:: Instructions to follow ::
Instruction for the entries below: return the part that opens with the line containing "Пересвет, продуктовый магазин" and closes with the line containing "Следы тигрицы вели", exactly, and no pictures.

:: Data ::
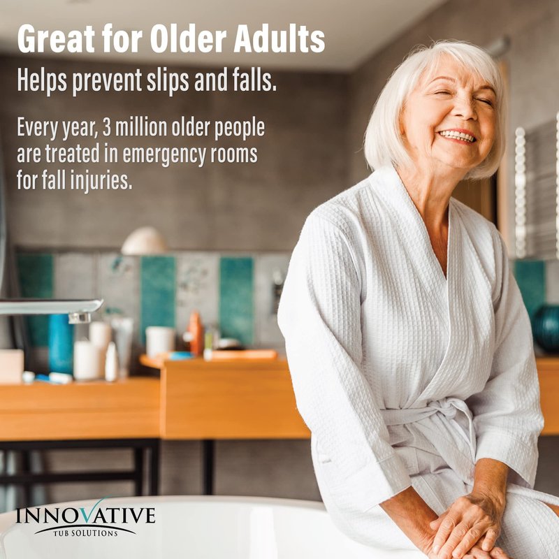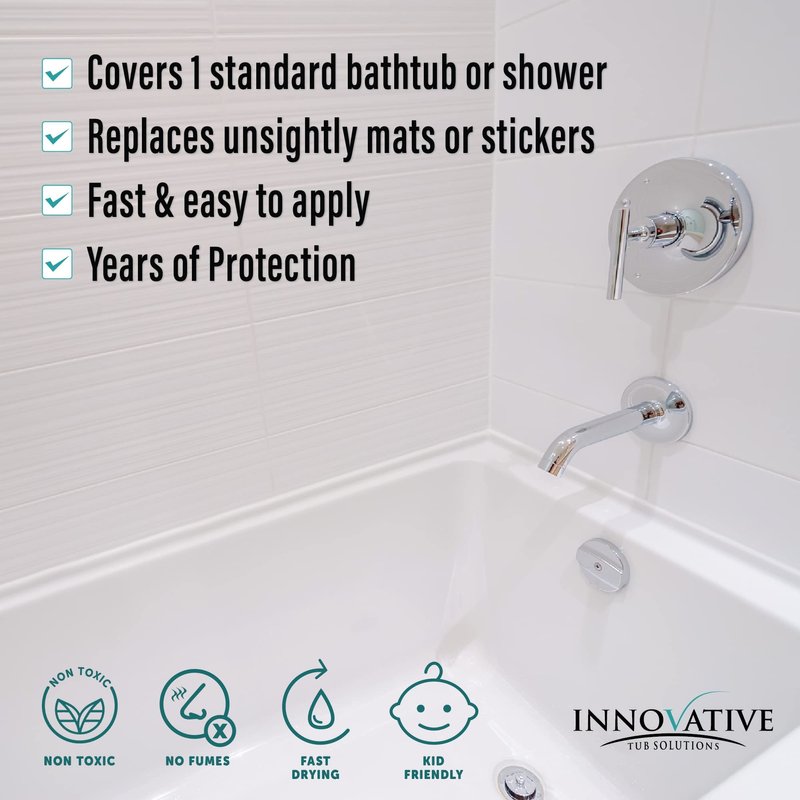 - HELPS PREVENT SLIP AND FALL ACCIDENTS: Innovative Tub Solutions' finely textured clear anti slip coating is bare bottom, paw and foot friendly. Our anti skid coatings increase traction to reduce accidents and are especially popular for toddlers and older adults. Great alternative to unsightly bathmats or stickers.
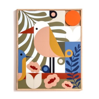 Taquin est un tableau qui met en valeur une illustration exclusive, imprimée sur des supports en bois. Ces palets indépendants sont soigneusement travaillés afin de s’assembler et de coulisser au centre d’un cadre en chêne massif. L’unique palet rond et orange, signature de la marque TAQUIN est la clef de votre imagination, positionné où bon vous semble, il se « tourne », se retire, se positionne et verrouille votre création du moment. Enfin, jusqu'à la prochaine fois, au gré de vos envies!
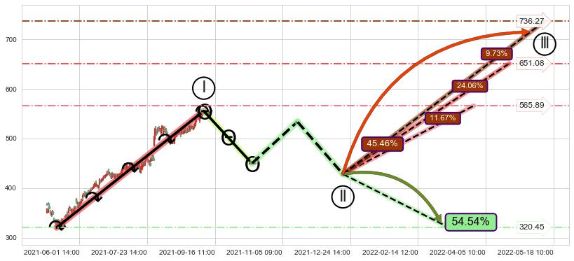 ➣ 循环浪继续向上【平均值】位置(04-21:13, 651.08),匹配聚类样本比例52.93%, 可能性概率24.06%
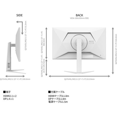 ●付属品:電源ケーブル1.5m、HDMIケーブル1.8m、Displayportケーブル1.8m、スタンド、ベース、保証書、ケーブル付属リスト
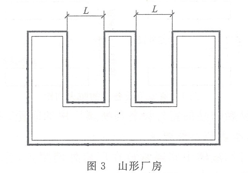 3.4.7 對于圖3所示的“山形”、“凵形”等類似形狀的廠房,建筑的兩翼相當于兩座廠房。本條規定了建筑兩翼之間的防火間距(L),主要為便于滅火救援和控制火勢蔓延。但整個廠房的占地面積不大于本規范第3.3.1條規定的一個防火分區允許最大建筑面積時,該間距L可以減小到6m。
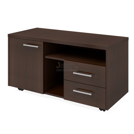 Офисная тумба сервисная ПК-АТШМ-ТМВ122Х53У №45850 - столешница: дсп шпон 38мм мм, кромка: пвх 1мм, покрытие: шпон, стекло: тонированное.ШxГxВ | 122x53x58 |
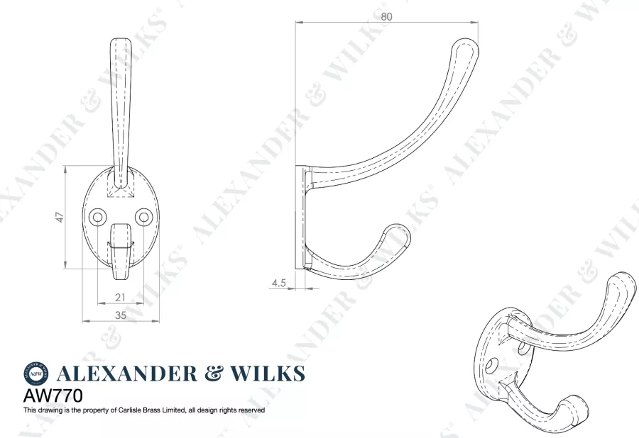 The Alexander and Wilks Victorian Hat and Coat Hook is a traditional style hat and coat hook on a circular-shaped backplate with two screwholes for quick and easy, visible screw fixing.
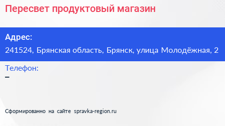 Пересвет, продуктовый магазин по адресу 241524, Брянская область, Брянск, улица Молодёжная, 2 в дальнейшем Организация, размещена в следующих категориях:
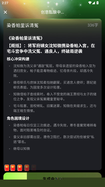 角色与场景深度刻画:提供专门的角色生成器和场景描写工具,用户设定基本属性(如性格、外貌、背景),AI便能生成立体的人物小传或富有画面感的场景描述。
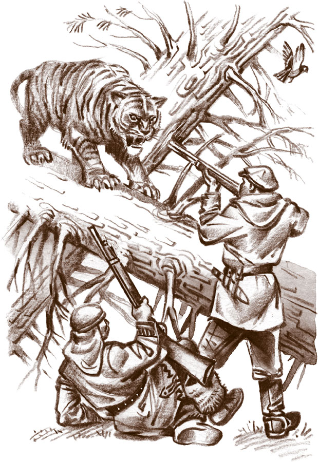 Следы тигрицы вели в сторону лагеря звероловов, но потом снова возвращались назад. Двигаясь по этим следам, охотники сделали небольшой круг, а когда заметили поверх собственных следов свежие следы тигрицы, в страхе остановились. Не было сомнений: тигрица нарочно выманила охотников из удобного для защиты места и теперь кралась за ними.
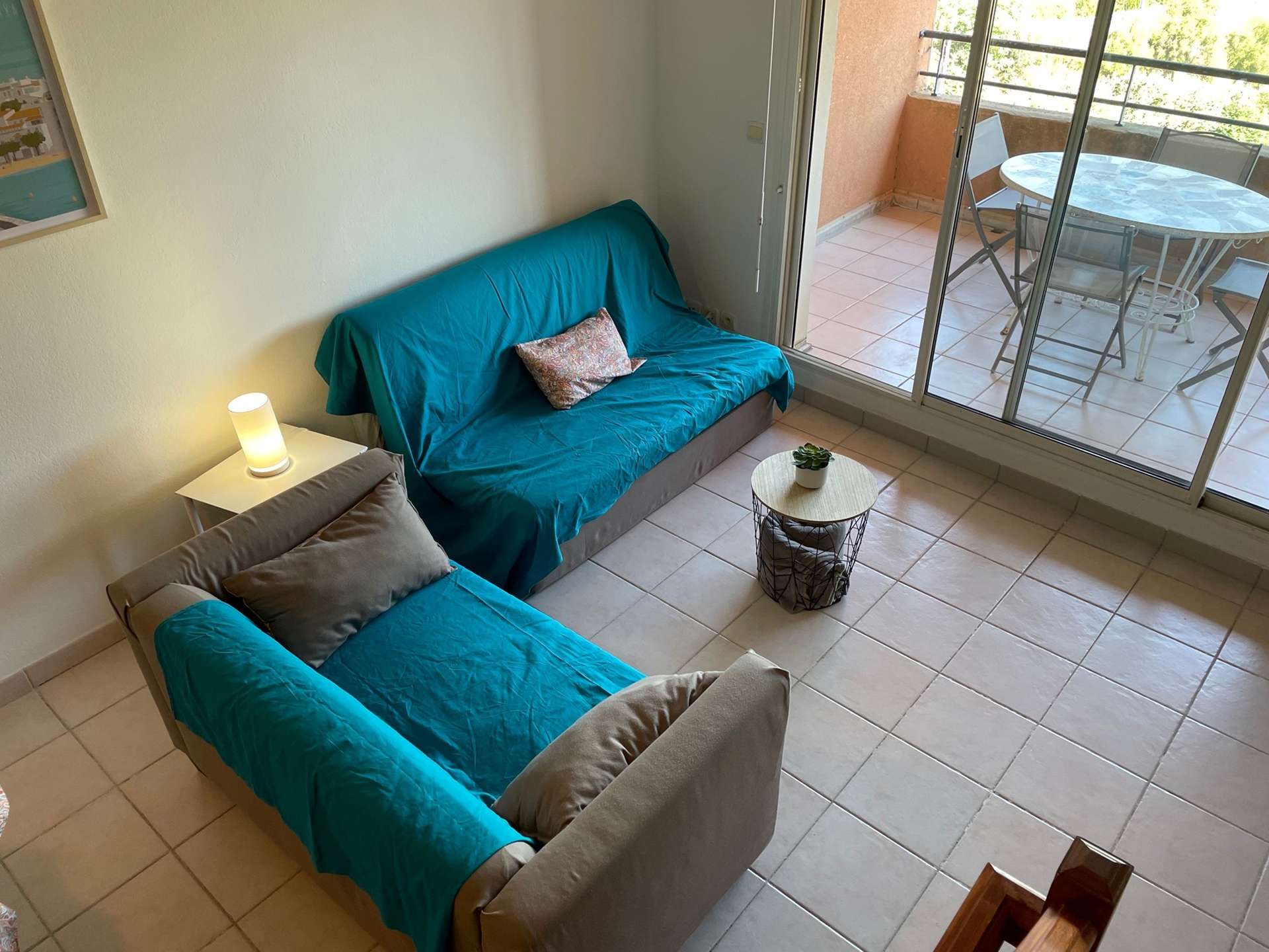 This triplex house consists of a kitchenette opening onto a living room and a terrace with sea view; on the lower level, a bedroom with a shower room and a separate toilet; on the upper floor a bedroom with terrace, a bathroom and a separate toilet. A private garage.

:: Problem solution ::
 Пересвет, продуктовый магазин по адресу 241524, Брянская область, Брянск, улица Молодёжная, 2 в дальнейшем Организация, размещена в следующих категориях:
 角色与场景深度刻画:提供专门的角色生成器和场景描写工具,用户设定基本属性(如性格、外貌、背景),AI便能生成立体的人物小传或富有画面感的场景描述。
 Следы тигрицы вели в сторону лагеря звероловов, но потом снова возвращались назад. Двигаясь по этим следам, охотники сделали небольшой круг, а когда заметили поверх собственных следов свежие следы тигрицы, в страхе остановились. Не было сомнений: тигрица нарочно выманила охотников из удобного для защиты места и теперь кралась за ними.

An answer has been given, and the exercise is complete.